▸ **TASK PROMPT**:
Could you retype the lines below, starting at the line holding "These modern slim" and stopping at the line holding "RPPC US Navy", inclusive? Copy them exactly and drop the images.

▸ **RECORD SET**:
■ ■ ■ ■ ■

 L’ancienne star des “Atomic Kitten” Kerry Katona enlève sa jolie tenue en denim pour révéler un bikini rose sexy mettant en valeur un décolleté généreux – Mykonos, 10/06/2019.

■ ■ ■ ■ ■

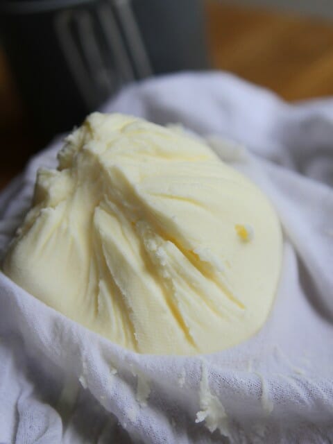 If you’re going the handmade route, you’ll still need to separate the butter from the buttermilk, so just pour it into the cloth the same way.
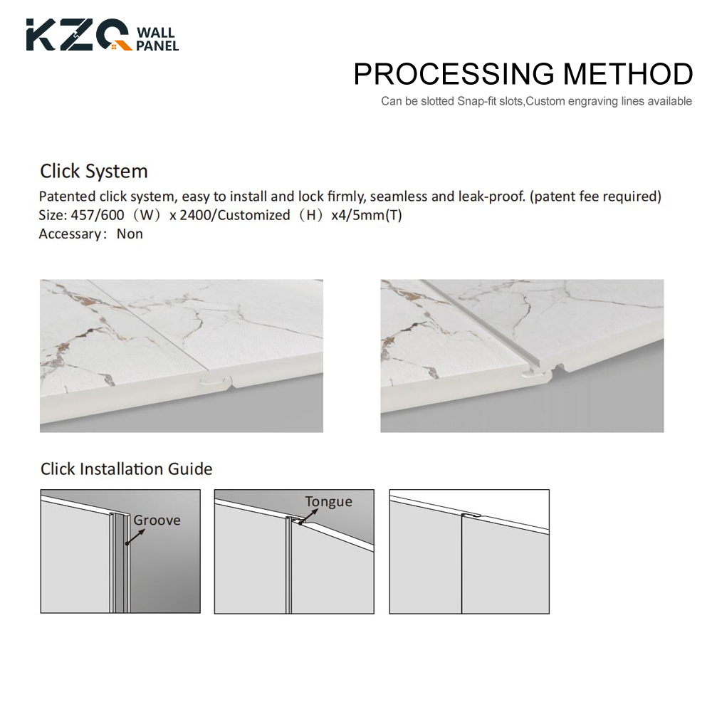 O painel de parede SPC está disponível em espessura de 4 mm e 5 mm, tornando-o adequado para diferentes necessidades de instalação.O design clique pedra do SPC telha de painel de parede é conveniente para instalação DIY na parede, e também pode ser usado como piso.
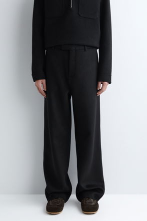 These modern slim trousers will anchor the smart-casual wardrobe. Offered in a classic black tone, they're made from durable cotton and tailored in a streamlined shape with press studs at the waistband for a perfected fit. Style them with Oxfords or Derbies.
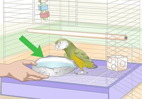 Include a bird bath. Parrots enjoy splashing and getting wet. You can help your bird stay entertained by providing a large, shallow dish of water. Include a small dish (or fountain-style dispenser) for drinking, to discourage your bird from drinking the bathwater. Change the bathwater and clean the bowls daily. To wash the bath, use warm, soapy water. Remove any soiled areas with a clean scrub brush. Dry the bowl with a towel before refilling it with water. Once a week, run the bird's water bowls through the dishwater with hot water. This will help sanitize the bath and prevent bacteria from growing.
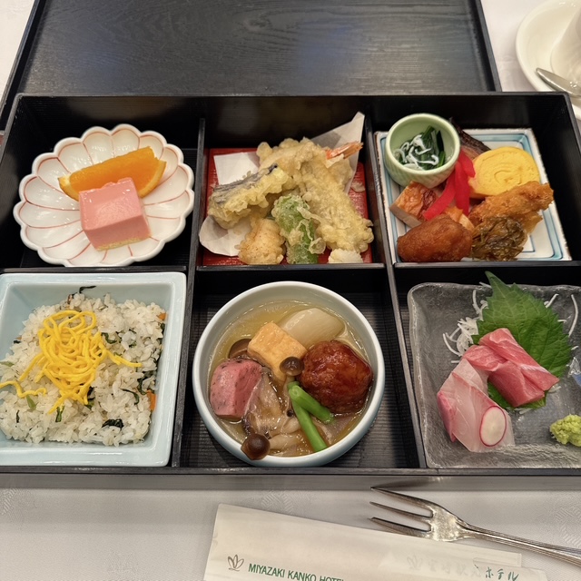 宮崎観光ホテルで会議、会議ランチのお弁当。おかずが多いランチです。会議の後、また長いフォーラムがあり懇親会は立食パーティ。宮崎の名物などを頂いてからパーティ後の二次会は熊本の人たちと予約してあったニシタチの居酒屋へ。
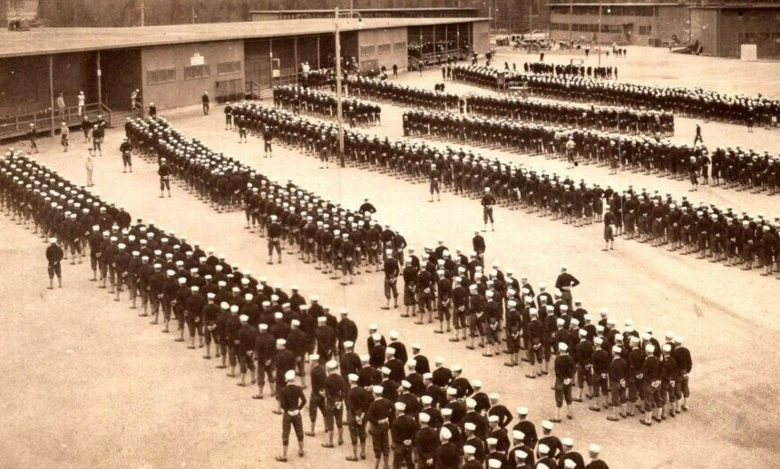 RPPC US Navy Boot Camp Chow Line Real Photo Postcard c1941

■ ■ ■ ■ ■

▸ **SOLUTION FOR THIS TASK**:
 These modern slim trousers will anchor the smart-casual wardrobe. Offered in a classic black tone, they're made from durable cotton and tailored in a streamlined shape with press studs at the waistband for a perfected fit. Style them with Oxfords or Derbies.
 Include a bird bath. Parrots enjoy splashing and getting wet. You can help your bird stay entertained by providing a large, shallow dish of water. Include a small dish (or fountain-style dispenser) for drinking, to discourage your bird from drinking the bathwater. Change the bathwater and clean the bowls daily. To wash the bath, use warm, soapy water. Remove any soiled areas with a clean scrub brush. Dry the bowl with a towel before refilling it with water. Once a week, run the bird's water bowls through the dishwater with hot water. This will help sanitize the bath and prevent bacteria from growing.
 宮崎観光ホテルで会議、会議ランチのお弁当。おかずが多いランチです。会議の後、また長いフォーラムがあり懇親会は立食パーティ。宮崎の名物などを頂いてからパーティ後の二次会は熊本の人たちと予約してあったニシタチの居酒屋へ。
 RPPC US Navy Boot Camp Chow Line Real Photo Postcard c1941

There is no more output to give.